"Integrating Writing in the Statistics Curriculum"
Dean Poeth & Jane Oppenlander, Union Graduate College
Effective written communication is an important competency for students to acquire, regardless of their discipline. This poster describes the integration of writing in introductory statistics courses. A three-part problem-solving approach is used which begins with developing a written problem statement, conducting the appropriate statistical analysis, and interpreting and communicating results in the context of the problem domain. Examples of student learning assessments, classroom activities, and writing resources are given. Successful and unsuccessful strategies to develop writing skills are discussed.
Communication is a key capacity for any statistician, since if you can't communicate, your results and insights will be left on the cutting room floor. The ASA's guidelines for undergraduate programs in statistics highlight the importance of writing and related skills, and Dean Poeth & Jane Oppenlander's poster describes one way that writing can be successfully integrated into a program.

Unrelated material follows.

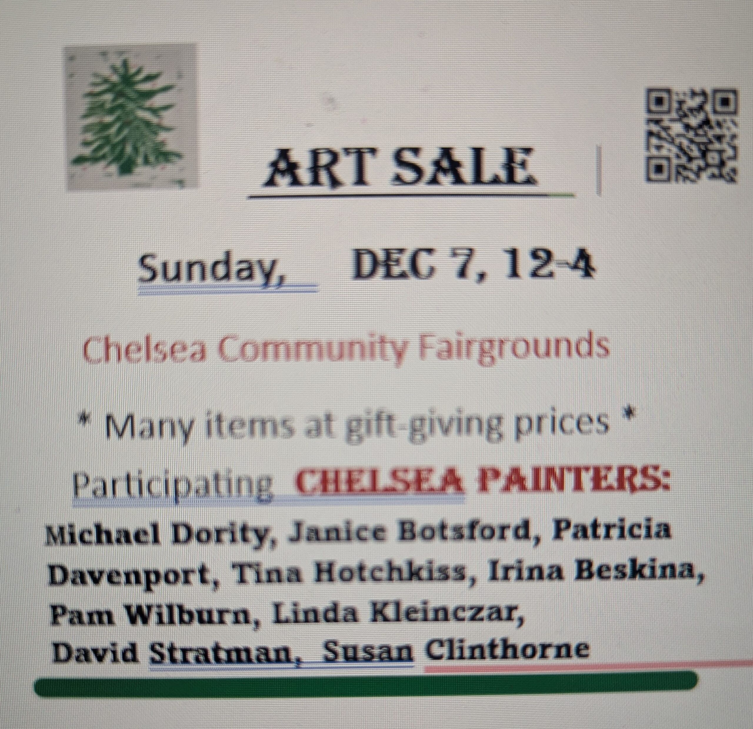 Dec 7 12-4 in the Chelsea Community Fairgrounds Service Center. Many Chelsea Painters- fine artists will have art for sale at gift giving prices.

The 1/3 1/3 1/3 rule (developing a problem statement, analysis, and communication) is something that I'll adopt in my classes.
It would be nice to see this incorporate reproducible analysis tools (see Mine's talk from Monday). @askdrstats
Thank you for your comment Nicholas.
Something that I've found to be very useful when it comes to helping students develop their writing skills is to not only ask them to proofread each others assignments, but to actually make a new assignment out of proofreading and commenting upon someone else's assignment. This seems to help the students shift their focus to the writing rather than the scientific/statistical content, also when working on their own texts. Like Nicholas Horton, I also liked the 1/3-1/3-1/3 rule a lot and will discuss it with my students for sure.